Brève  

Plan de départs volontaires : indisponibilité des règles régissant la rupture du contrat de travail

L’employeur et le salarié ne pouvant renoncer par avance au droit de se prévaloir des règles prévues pour la rupture du contrat de travail à durée indéterminée, il n’y a pas lieu de faire produire un quelconque effet à un accord entre le salarié et son employeur faisant dépendre, à l’avance, la nature et le régime de la rupture du contrat de travail de la réalisation d’un événement futur et incertain relatif à son emploi.

L’employeur comme le salarié ne peuvent renoncer par avance au droit de se prévaloir des règles prévues par le code du travail relatives à la rupture du contrat de travail à durée indéterminée (C. trav., art. L. 1231-4). Dans cet arrêt du 25 janvier 2012, la chambre sociale déduit de ce principe qu’il n’y a pas lieu de faire produire un quelconque effet à l’accord entre le salarié et son employeur faisant dépendre, à l’avance, la nature et le régime de la rupture du contrat de travail de la réalisation d’un événement futur et incertain relatif à son emploi.

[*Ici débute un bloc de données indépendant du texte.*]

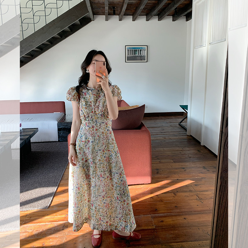 金苏一 天丝亚麻小花连衣裙2025夏季韩版收腰短袖长裙chic裙子潮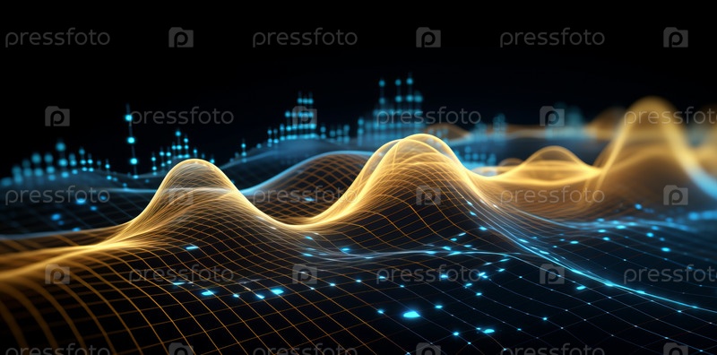 Абстрактные синие и желтые волны на темном фоне и огни боке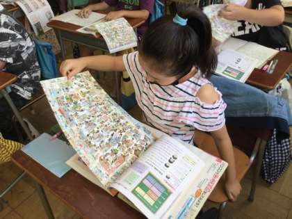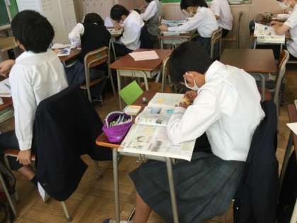 社会科では、資料を活用した授業が行われていました。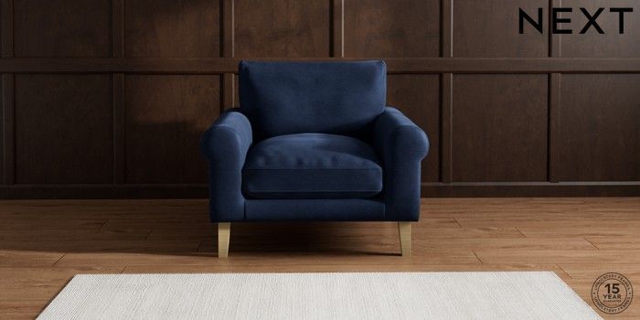6.12.1 Buy Palermo Relaxed Sit Armchair Luxe Chenille Navy Blue Tapered - Light from the Next UK online shop Click here to use our accessible website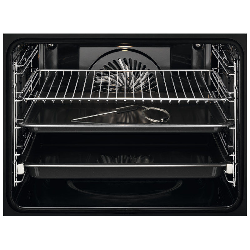 Funkcije pečenja: donji grijač, ventilator + osvjetljenje pećnice, roštilj, roštilj + donji grijač, roštilj + donji grijač + ventilator, roštilj + ventilator, kružni grijač + donji grijač + ventilator, kružni grijač + ventilator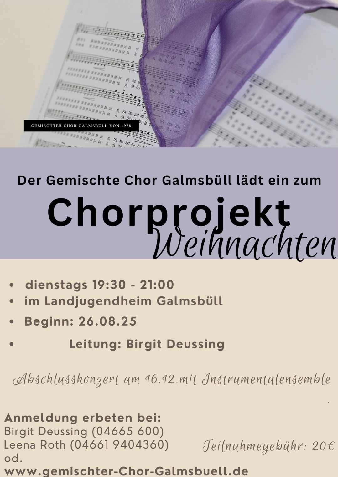 Wir sind immer offen für Neuzugang. Wenn du Lust hast, schau bei uns rein und nehme an den Proben teil - nur so zum Ausprobieren. Du darfst einfach an einem Dienstag um 19:30 Uhr mal dazukommen. Oder du nimmst telefonisch Kontakt mit unserer Chorleiterin Birgit Deussing (04665/600) auf oder benutzt unser Kontaktformular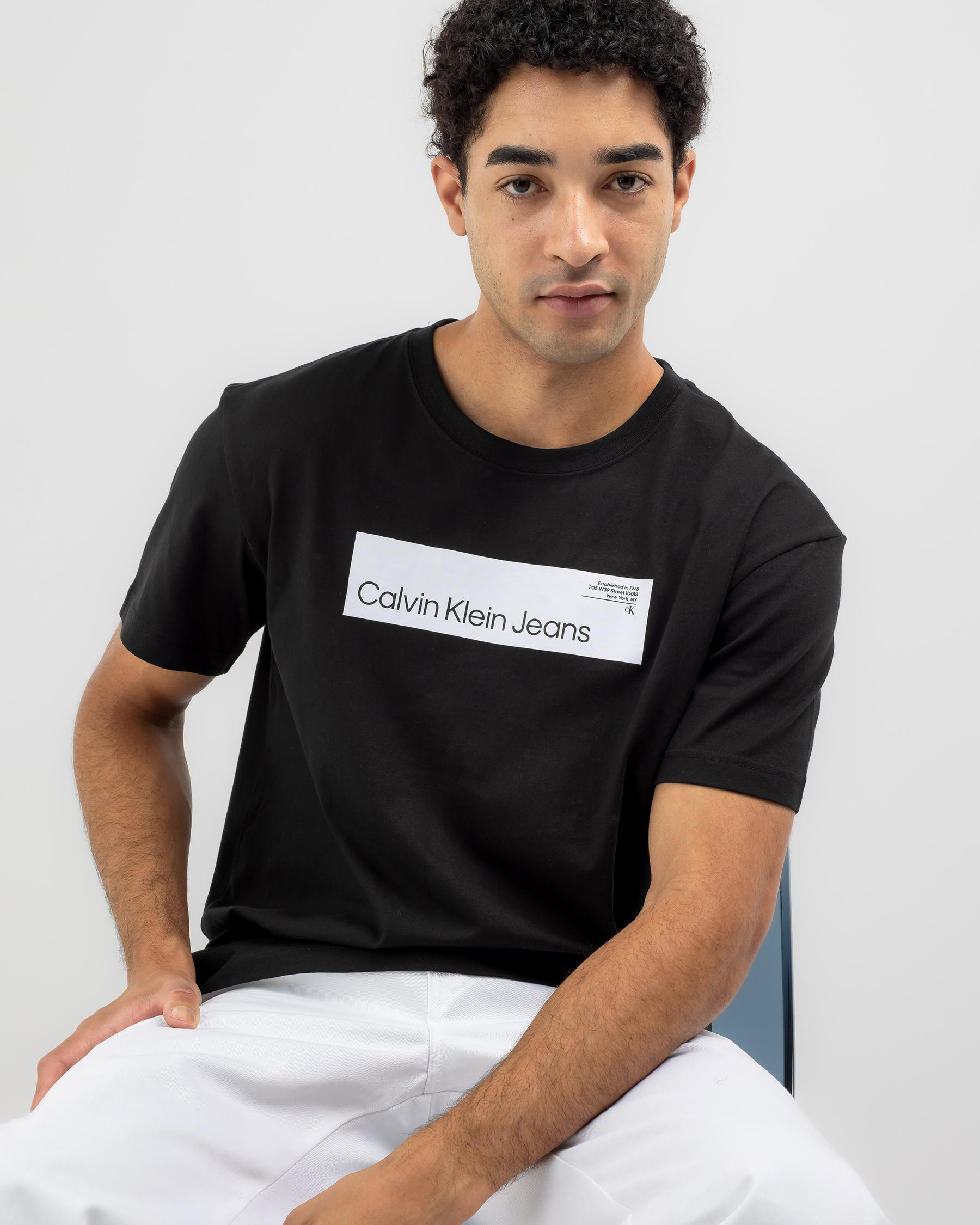 Calvin Klein Hyper Real Box Logo T-Shirt in CK Black. Sporty and versatile, this tee is a must-have for any casual wardrobe.
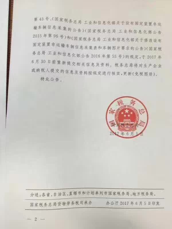 關(guān)于之前一直眾說紛紜的,環(huán)衛(wèi)車將2017年7月1日專用車取消免稅說法,現(xiàn)在國家稅務(wù)總局的正式文件已經(jīng)下發(fā), 已證實(shí), 并不是取消專用車免稅政策, 只是從7月1日起更換免稅圖冊, 新的免稅圖冊沒有下來之前不能辦理免稅 ,所以請需要購新車的客戶提前訂車, 避免造車麻煩 ,環(huán)衛(wèi)車購置稅免征情況說明1、《歷史免稅圖冊》(2005年1月-2016年5月下發(fā)的《免稅圖冊》)將于2017年7月31日停止執(zhí)行。2、《歷史免稅圖冊》中的免征車型由車輛生產(chǎn)企業(yè)于2017年6月30日前重新提交相關(guān)信息與資料進(jìn)行審核,更新《免稅圖冊》。原文如下: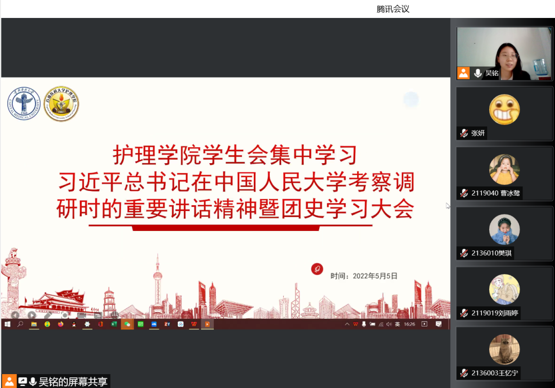 为了深入学习习近平总书记在中国人民大学考察调研时的重要讲话精神,继续深入开展学生会党史团史理论学习,进一步提升院学生会“自我教育、自我管理、自我服务”的意识,喜迎党的二十大,庆祝建团百年,开云kaiyun官方网站学生会于5月5日召开线上召开习近平总书记在中国人民大学考察时重要讲话精神暨党史团史学习大会,增强理论学习交流,夯实理论学习成果,提升院学生会凝聚力、战斗力。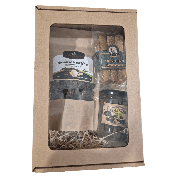 Hrskavi grisini i začinjene bučine koštice idealni su za posipanje po salatama, juhama ili toplim jelima, dok kapari unose karakterističnu mediteransku notu. Paket je pažljivo odabran kako bi inspirirao kreativnost u kuhinji i omogućio jednostavno podizanje svakog obroka na novu razinu.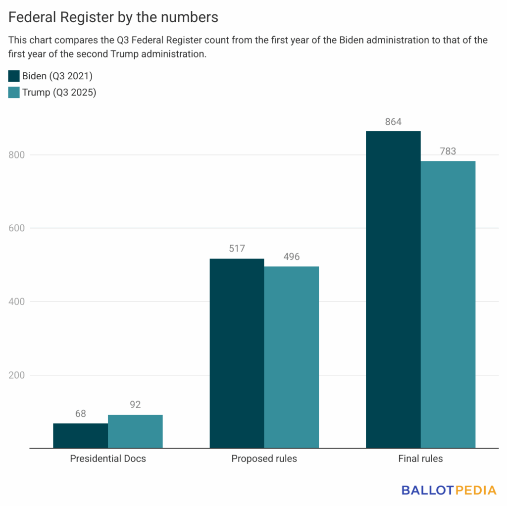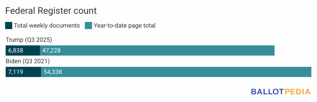 Here’s a look at changes to the federal register from the last quarter, spanning from July 1 to Sept. 20, and how that compares to the third quarter of 2021, the first year of the Biden Administration.

En l’espèce, alors que l’employeur avait engagé un processus de restructuration donnant lieu à l’établissement d’un plan de sauvegarde de l’emploi, une salariée avait fait part à son employeur de son intention de quitter l’entreprise. À la suite d’échanges avec la direction, aux termes desquels il était prévu que si le départ de la salariée ne permettait pas le reclassement d’un autre salarié, le contrat de travail de cette dernière prendrait fin par sa démission, le contrat de travail de la salariée fut suspendu en application d’un accord collectif d’entreprise permettant aux salariés ayant conclu un contrat de travail avec un autre employeur de quitter l’entreprise avant la fin des consultations légales. Une fois, le plan de sauvegarde de l’emploi établi, la salariée a présenté une demande de départ volontaire à son employeur lequel a informé la salariée qu’elle était considérée comme démissionnaire étant donné que son départ ne permettait pas le reclassement d’un autre salarié.

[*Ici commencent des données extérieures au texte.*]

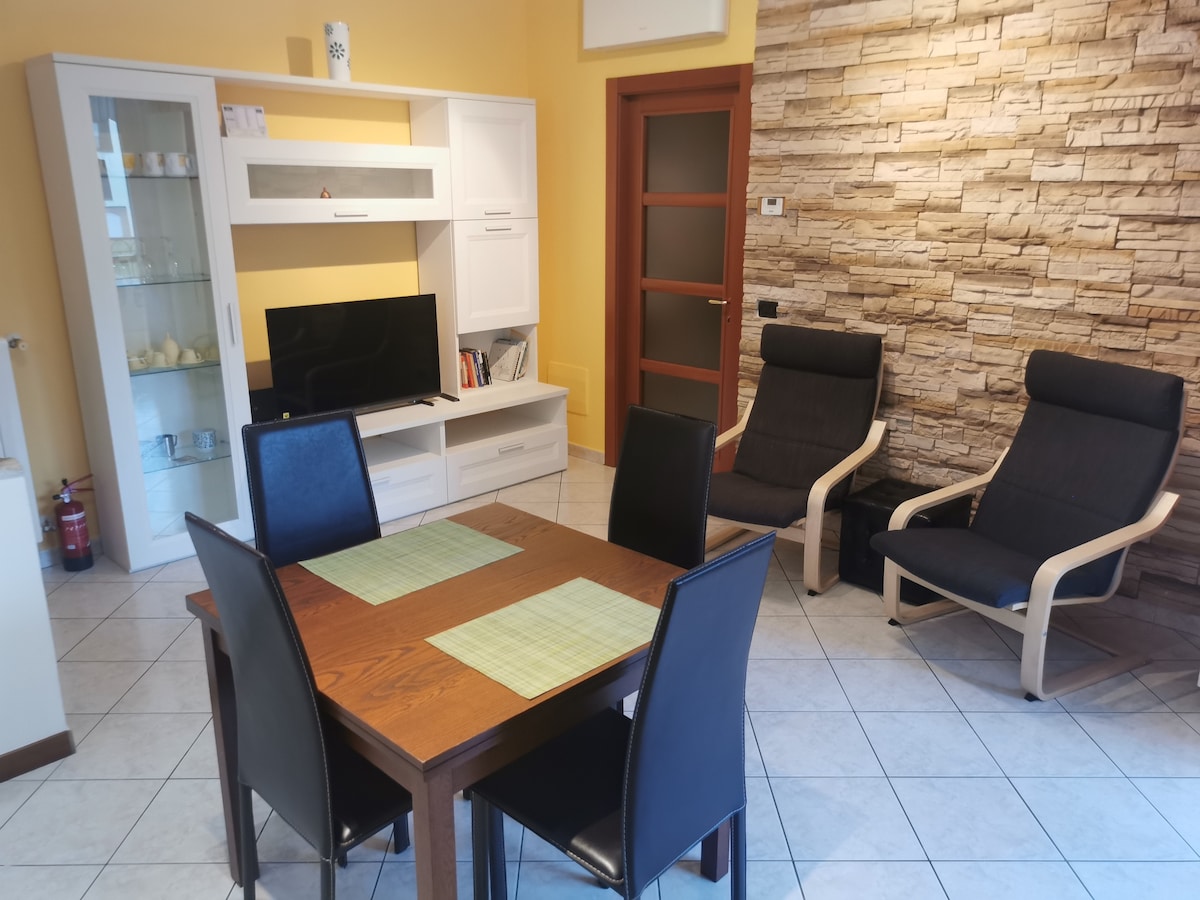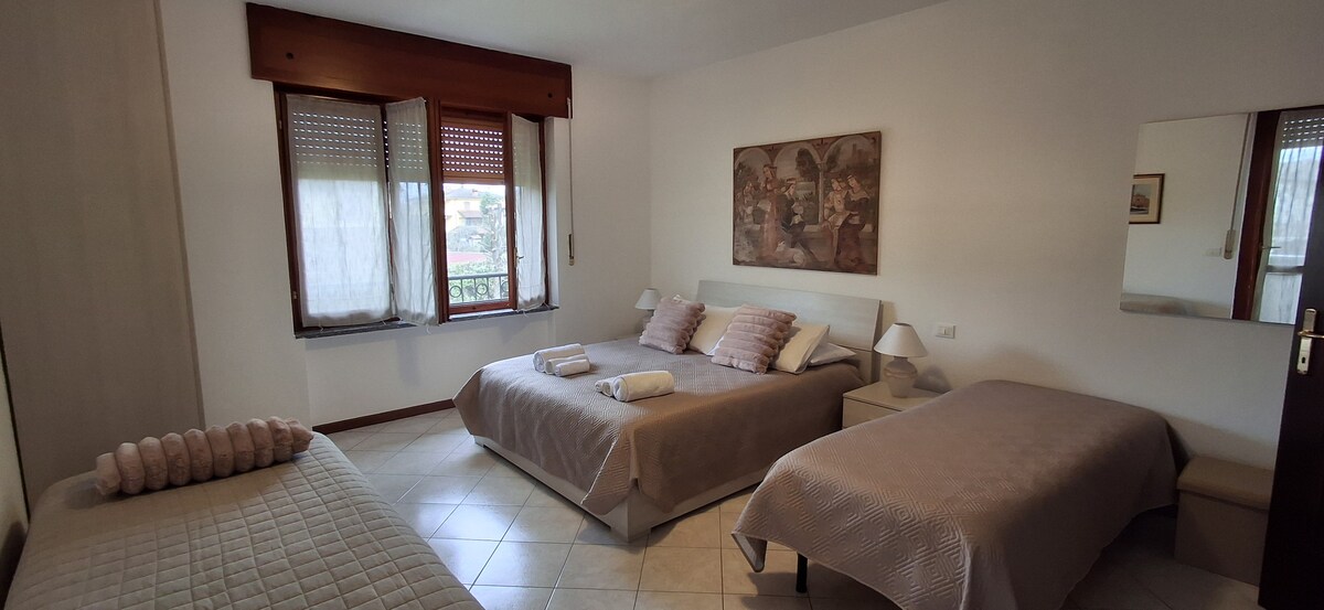 En un entorno majestuoso y tranquilo, a solo unos pasos de tiendas, bares, restaurantes y farmacias, y a solo 300 metros de la estación de tren y la terminal de autobuses. El apartamento, totalmente amueblado (colchón súper cómodo de 26 cm de altura), equipado y climatizado, está ubicado en la planta baja, tiene un jardín privado. Hay estacionamiento público disponible cerca,la presencia de una persona no revelada al momento de la reservación tendrá un costo adicional. NO HAY WIFI!!!!

La chambre sociale approuve la cour d’appel d’avoir écarté la qualification de démission. L’employeur et le salarié ne pouvant renoncer par avance au droit de se prévaloir des règles relatives à la rupture du contrat de travail à durée indéterminée, l’accord de ces derniers tendant à définir par avance la nature et le régime de la rupture du contrat de travail en fonction de la survenance d’un évènement futur et incertain, ne saurait produire un quelconque effet. La solution est pleinement justifiée au regard du principe d’indisponibilité des règles régissant la rupture du contrat de travail. Elle est en outre parfaitement conforme à celles qui régissent spécifiquement la démission. En effet, comme l’avaient relevé les juges d’appel, la salariée n’avait en l’hypothèse ni prise ni information quant à la réalisation de cette condition, qui constituait pour elle un fait aléatoire, rendant équivoque sa volonté de démissionner.